Trump se negó a levantar las sanciones. La cumbre entre el presidente de Estados Unidos, Donald Trump, y el líder de la República Popular de Corea del Norte, Kim Jong-un, concluyó ayer sin acuerdos tras la negativa del mandatario estadounidense de levantar las sanciones a Pionyang.

"Kim propuso desmantelar el complejo nuclear de Yongbyon a cambio del levantamiento de nuestras sanciones, pero no podíamos aceptarlo", afirmó Trump, quien agregó que aunque esta central nuclear es "muy grande" no es "lo bastante grande".

 Dispares. El punto de partida no podía ser más dispar: ambas partes están enemistadas enconadamente desde hace 70 años. Una es comunista, la otra, capitalista; una extremadamente pobre, la otra rica; una tiene un régimen autoritario, la otra es símbolo de libertad y democracia; una quiere convertirse en potencia atómica, la otra posee un gran arsenal nuclear.

2 Días
del encuentro entre ambos mandatarios se redujeron a cero.

Apuntes

Lo bueno.

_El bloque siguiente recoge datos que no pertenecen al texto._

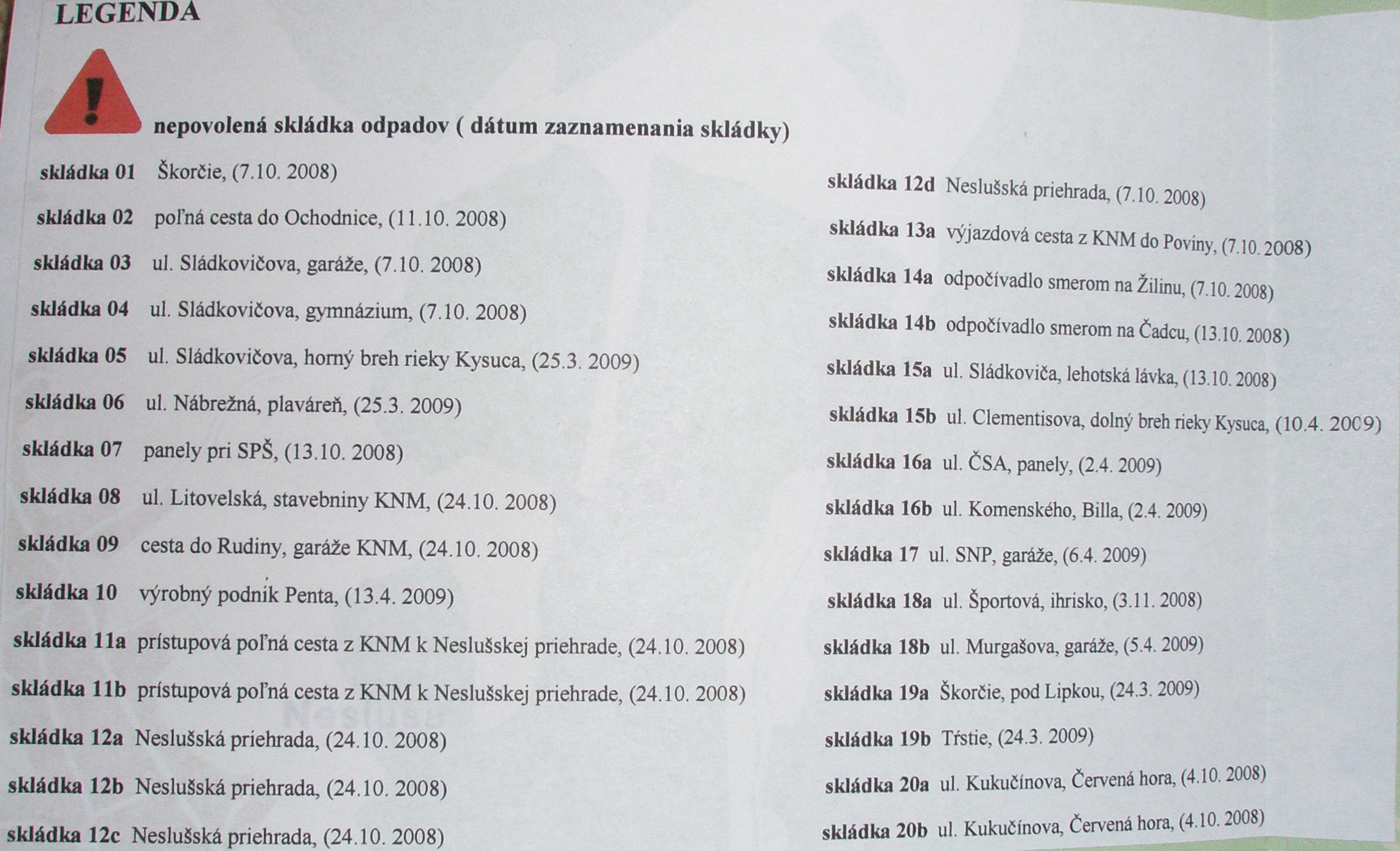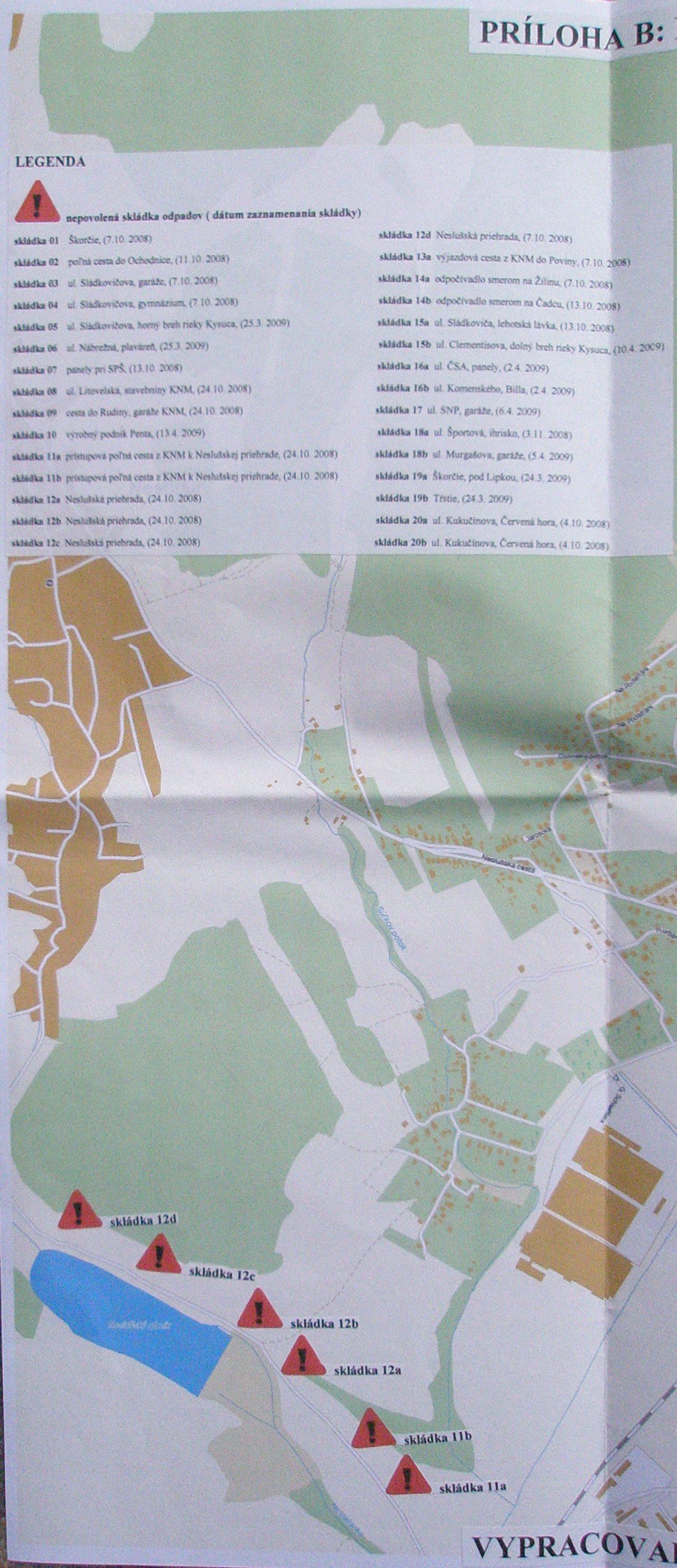 Mapa s označením miest nepovolených skládok odpadu

La buena noticia del encuentro de Trump y Kim es que existe el deseo de un entendimiento y que la amenaza de una escalada se ha desactivado, o al menos atenuado, mediante las conversaciones directas.
 
Mensaje. Pero el mensaje más importante es que la política de símbolos de dos showmen no es suficiente. El paso siguiente debería ser que todos los actores de la región -Corea del Sur, Japón y China- se sienten a una mesa con Estados Unidos y Corea del Norte para buscar caminos viables hacia una desnuclearización. Solo así se puede poner la piedra angular de una paz duradera en la región.
 
Aliados. Los aliados de Estados Unidos, Corea del Sur y Japón, quieren en cambio garantías de que Corea del Norte desmonte efectivamente su programa de armas atómicas y poner fin al desarrollo de misiles intercontinentales. Sus ciudadanos ya no quieren oír sirenas resonando en el centro de Tokio o de Seúl porque Corea del Norte lanza un misil que podría equiparse con cabezas nucleares.
 
Kim Jong-Un no se fue con las manos vacías tras la cumbre

 

El hecho de que ambos contrincantes  se hayan reunido a conversar tiene, sobre todo, razones de política interna. Kim quería y quiere demostrar a su séquito que puede forzar al "archienemigo capitalista" a sostener conversaciones directas a un mismo nivel. Con su arriesgada estrategia de escalada, el joven gobernante ha podido apaciguar a los halcones dentro del partido y el Ejército, y ampliar su poder.

Trump. Para Trump, sin embargo, esta será una pérdida que puede capear. Un "mal acuerdo", en el que hubiera concedido demasiado, habría inspirado años de debate y rechazo por parte de las élites de la política exterior de Estados Unidos. Este desenlace, en cambio, es algo que se puede salvar a través de conversaciones.